Dataset items:
....................

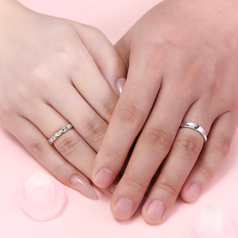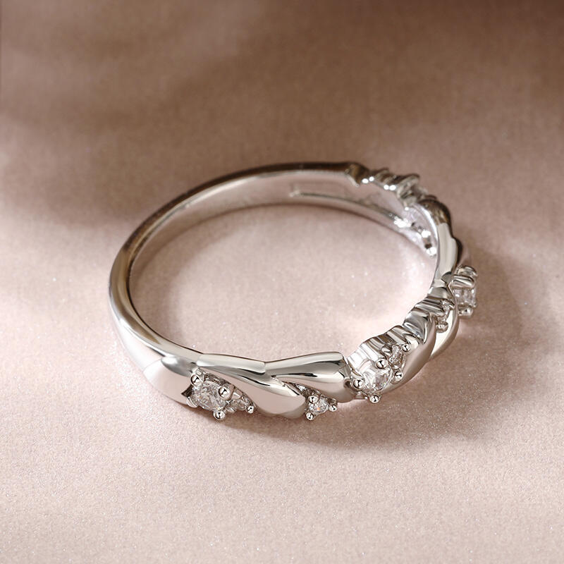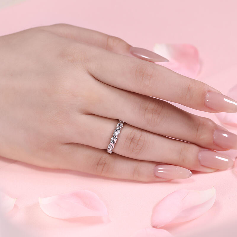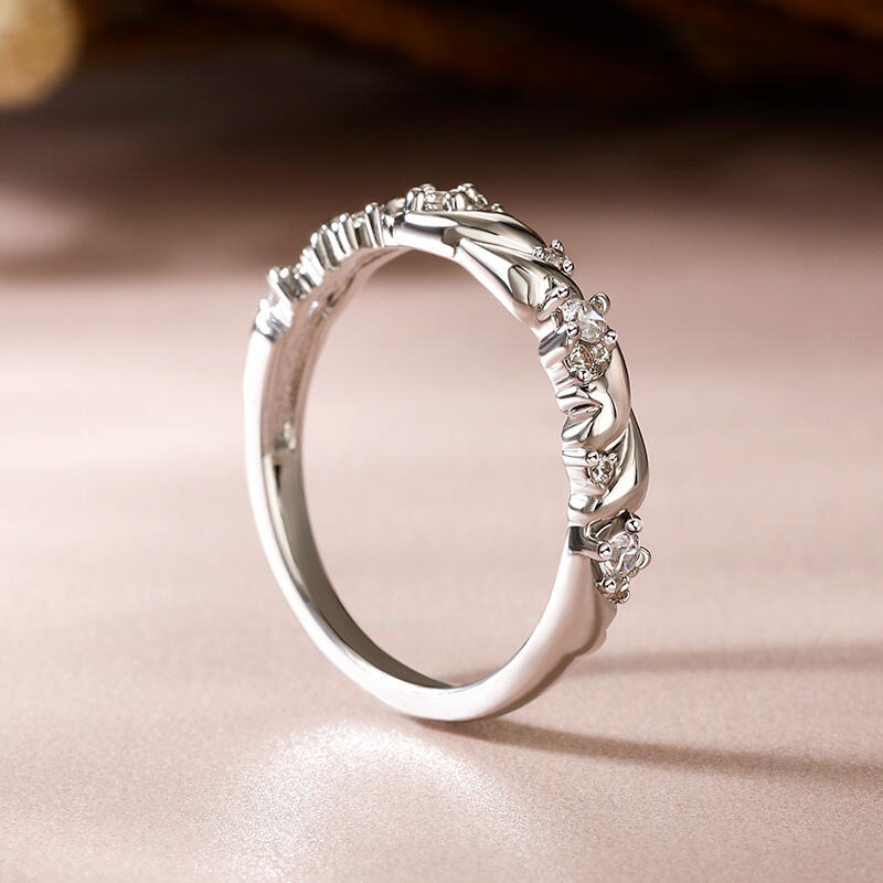 On your wedding day, seal your vows to her with this stylish wedding band. It features a heart-shaped design with sparkling round stones. A meaningful look of love, this wedding band will capture her heart. Each time she glances at this lovely band, her thoughts will turn to you.
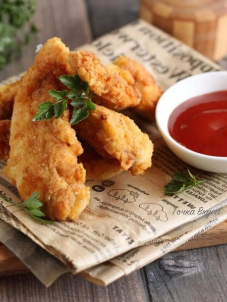Куриные стрипсы — это нежные кусочки куриного филе ЦБ в хрустящей панировке. Они очень похожи на классические наггетсы, но больше по размерам и немного отличаются способом приготовления.
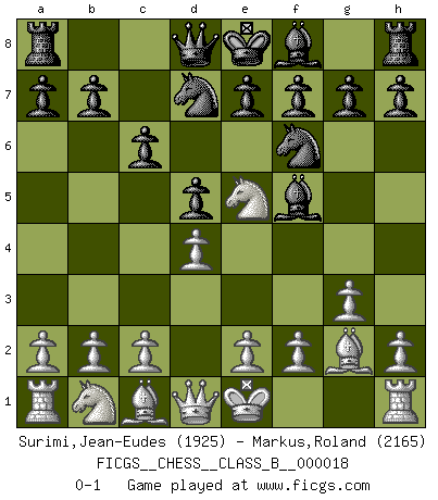 Last move : 0-1 2007 April 15 11:9:8 [Event "FICGS__CHESS__CLASS_B__000018"] [Site "FICGS"] [Date "2007.03.03"] [Round "1"] [White "Surimi,Jean-Eudes"] [Black "Markus,Roland"] [Result "0-1"] [WhiteElo "1925"] [BlackElo "2165"] 1.Nf3 Nf6 2.g3 d5 3.Bg2 c6 4.d4 Bf5 5.Ne5 Nbd7 0-1 This chess game has been lost on time (started : 2007.03.03 20:30:22) Reti Opening Player Black won this chess game. Follow this game move after move (download)Openings teach you openings. Endgames teach you chess ! (Stephan Gerzadowicz) Ein Großmeister muß tausende Partien in seinem Kopf speichern, denn diese sind für Ihn, was die Worte der Muttersprache für gewöhnliche Leute sind, oder Noten für Musiker... (Garry Kasparov) La vida es como el Ajedrez, con lucha, competición y eventos buenos y malos. (Benjamin Franklin) Fischer est le meilleur joueur du monde et Karpov n'est qu'un joueur de bistrot. (Garry Kasparov, agé de 16 ans) Are you threatening me, Master Jedi ? (Chancellor Palpatine in Star Wars ep.3)
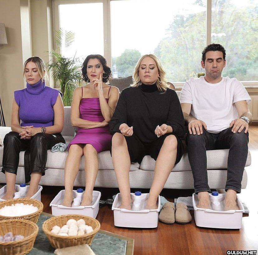 Fotoğrafta, bir kanepede oturan dört kişi görülüyor. Hepsi ayaklarını beyaz plastik kaplara koymuşlar ve görünüşe göre ayak banyosu...
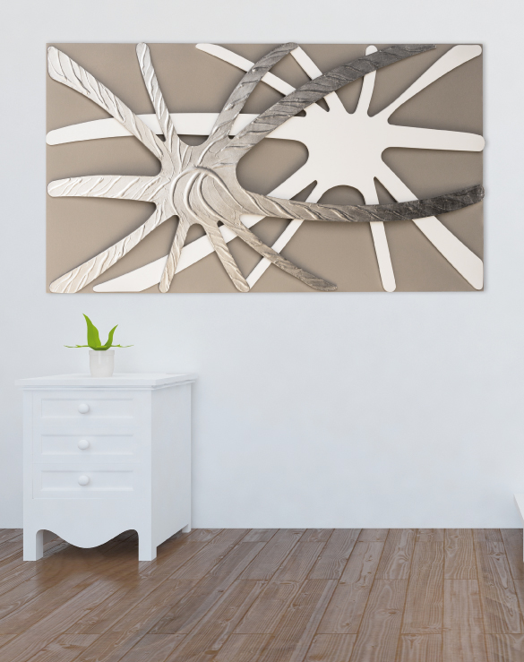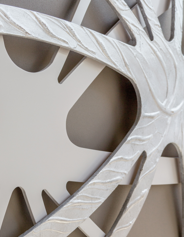Duvgrå lackerad dukmålning (handgjord vara med färg som kan variera och vara mer beige eller grå) med överlappande böjda strukturer och präglat materialhantverk, handdekorerad i bladsilver och halvblank elfenbensvit lack.
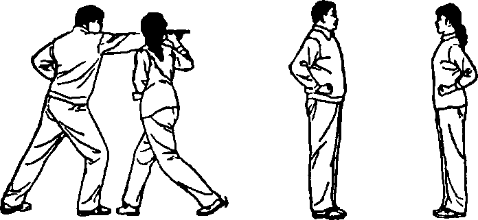预备势:甲(男)乙(女)相对立,立正抱肘。(图1)
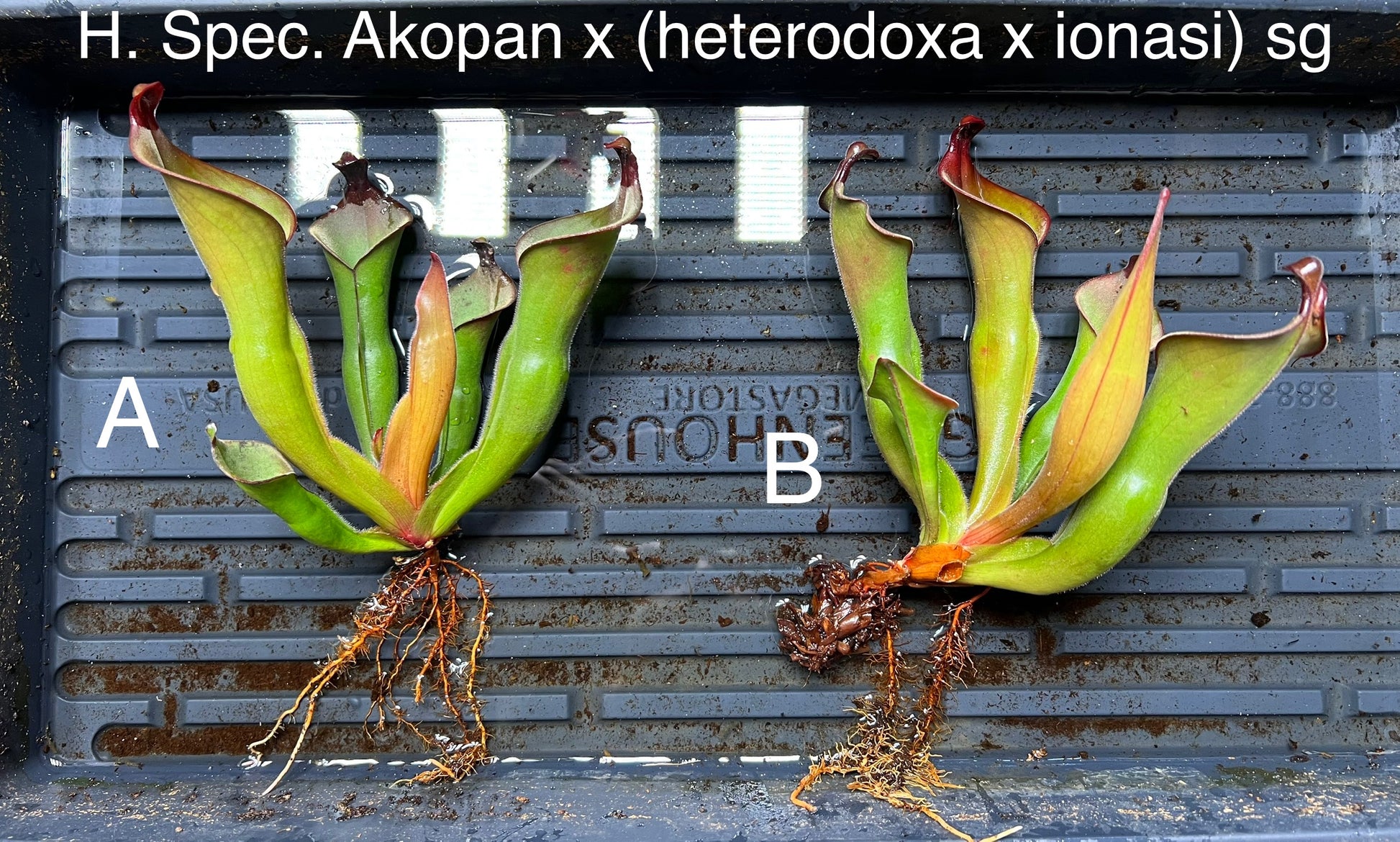 These divisions of Heliamphora Spec. Akopan x (heterodoxa x ionasi) sg LC were propagated from our own mother plant. The divisions shown are the exact divisions you will receive.

....................

Give every line above again exactly, with no pictures.

**Solution to the exercise**.
 On your wedding day, seal your vows to her with this stylish wedding band. It features a heart-shaped design with sparkling round stones. A meaningful look of love, this wedding band will capture her heart. Each time she glances at this lovely band, her thoughts will turn to you.
Куриные стрипсы — это нежные кусочки куриного филе ЦБ в хрустящей панировке. Они очень похожи на классические наггетсы, но больше по размерам и немного отличаются способом приготовления.
 Last move : 0-1 2007 April 15 11:9:8 [Event "FICGS__CHESS__CLASS_B__000018"] [Site "FICGS"] [Date "2007.03.03"] [Round "1"] [White "Surimi,Jean-Eudes"] [Black "Markus,Roland"] [Result "0-1"] [WhiteElo "1925"] [BlackElo "2165"] 1.Nf3 Nf6 2.g3 d5 3.Bg2 c6 4.d4 Bf5 5.Ne5 Nbd7 0-1 This chess game has been lost on time (started : 2007.03.03 20:30:22) Reti Opening Player Black won this chess game. Follow this game move after move (download)Openings teach you openings. Endgames teach you chess ! (Stephan Gerzadowicz) Ein Großmeister muß tausende Partien in seinem Kopf speichern, denn diese sind für Ihn, was die Worte der Muttersprache für gewöhnliche Leute sind, oder Noten für Musiker... (Garry Kasparov) La vida es como el Ajedrez, con lucha, competición y eventos buenos y malos. (Benjamin Franklin) Fischer est le meilleur joueur du monde et Karpov n'est qu'un joueur de bistrot. (Garry Kasparov, agé de 16 ans) Are you threatening me, Master Jedi ? (Chancellor Palpatine in Star Wars ep.3)
 Fotoğrafta, bir kanepede oturan dört kişi görülüyor. Hepsi ayaklarını beyaz plastik kaplara koymuşlar ve görünüşe göre ayak banyosu...
Duvgrå lackerad dukmålning (handgjord vara med färg som kan variera och vara mer beige eller grå) med överlappande böjda strukturer och präglat materialhantverk, handdekorerad i bladsilver och halvblank elfenbensvit lack.
预备势:甲(男)乙(女)相对立,立正抱肘。(图1)
 These divisions of Heliamphora Spec. Akopan x (heterodoxa x ionasi) sg LC were propagated from our own mother plant. The divisions shown are the exact divisions you will receive.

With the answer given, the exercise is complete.